Exact copies of the lines from the one with "Whisk the egg" through the last line of the entries, and no pictures, make up the answer.

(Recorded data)
********************

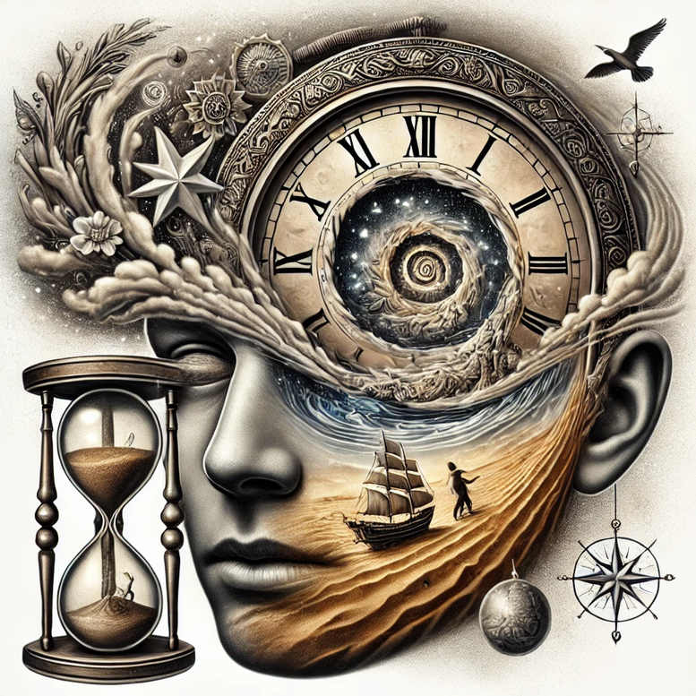 This AI-generated tattoo project presents a hyper-detailed, surreal portrait that merges time, sea and starry space into a single composition. The focal element is a large, ornate clock encircling the upper half of a head silhouette, its Roman numerals guiding the gaze toward a swirling galaxy that seems to pull the mind inward. From the clock’s edge, misty tendrils extend across the temple and cheek, weaving a beach scene where a lone ship rides a wave formed from shaded sand and wind. To the left of the face hangs an hourglass, its sands suspended like a moment in time, while a compass rose and a distant bird orbit the periphery as if the mind navigates through memory and dream. The palette is strictly black and grey, with dramatic chiaroscuro and fine line work that creates depth and texture without color. The artist employs a mix of stippling and smooth gradient shading to render the metallic gleam of the clock, the weathered wood of the ship, and the grain of the sand. This design plays with symbolism: time and memory slipping through the mind, voyage and exploration on both sea and subconscious, and celestial guidance offering meaning beyond the surface. While richly detailed, the piece remains cohesive, letting each element breathe within negative space as the head forms a living canvas. The result is a tattoo design suitable for a statement piece or a cover-up, especially where deep blacks and dense line-work require concealment; pattern-rich motifs enhance texture. Its AI-generated genesis marks it as a modern, experimental approach to body art and ink, balancing realism with dreamlike fantasy, and inviting personalized adjustments in scale and placement, from fine line tattoo accents to larger black and grey realizations. In short, this tattoo design offers meaningful tattoos, a blend of classical symbolism with contemporary innovation, and a bold black-and-grey execution that resonates as body art, ink, and a timeless narrative.
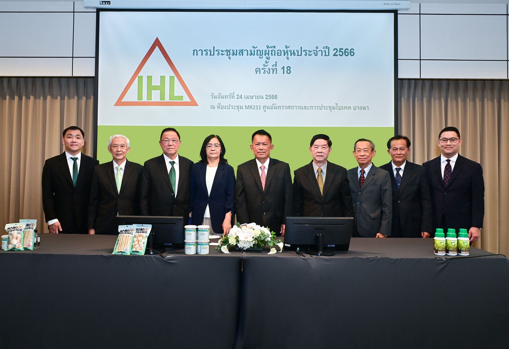 คุณองอาจ ดำรงสกุลวงษ์ ประธานกรรมการบริหาร (ประธานในที่ประชุม), คุณกุลวรินทร์ วีระพุฒิเวทย์ กรรมการและรองกรรมการผู้จัดการ, คุณวศิน ดำรงสกุลวงษ์ กรรมการและผู้จัดการทั่วไป พร้อมด้วยคณะกรรมการ บริษัท อินเตอร์ไฮด์ จำกัด (มหาชน) (IHL) ถ่ายภาพร่วมกันภายหลังการประชุมสามัญผู้ถือหุ้นประจำปี 2566 โดยผู้ถือหุ้นมีมติอนุมัติจ่ายเงินปันผล 0.10 บาท/หุ้น กำหนดจ่ายเงินปันผลวันที่ 18 พฤษภาคม 2566
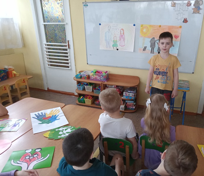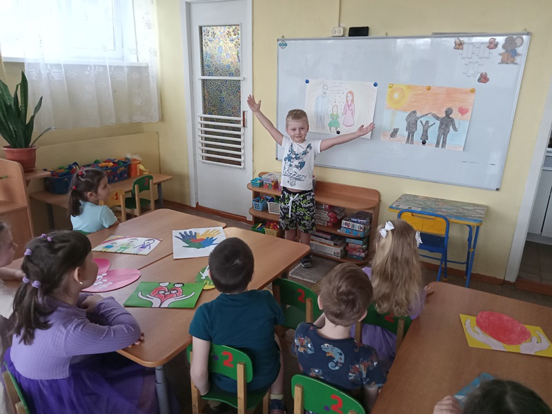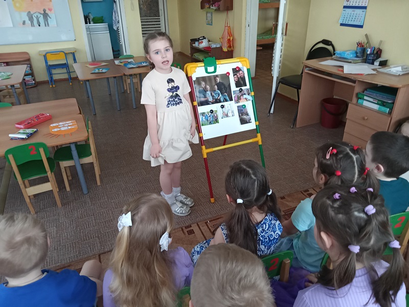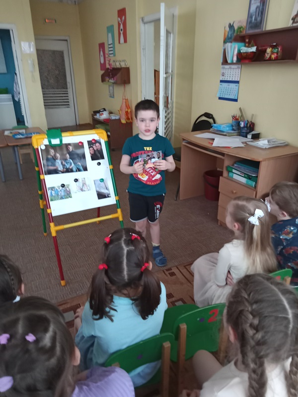 В таком занятии участвовали старшие дошкольники под руководством воспитателя Филимоновой Натальи Викторовны. У детей сформировано правильное представление о семье, роли матери, отца, дедушки, бабушки, сестры, брата, которые живут вместе, любят и заботятся друг о друге.
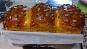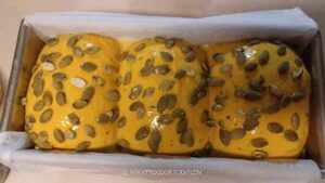 Whisk the egg with milk for an egg wash. Brush the surface with an egg wash. Sprinkle with some pumpkin seeds or other seeds of your choice or leave it blank if you prefer
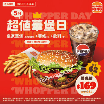 憑臨櫃買安格斯堡套餐或國王大雞堡套餐

********************

* EXERCISE ANSWER
 Whisk the egg with milk for an egg wash. Brush the surface with an egg wash. Sprinkle with some pumpkin seeds or other seeds of your choice or leave it blank if you prefer
 憑臨櫃買安格斯堡套餐或國王大雞堡套餐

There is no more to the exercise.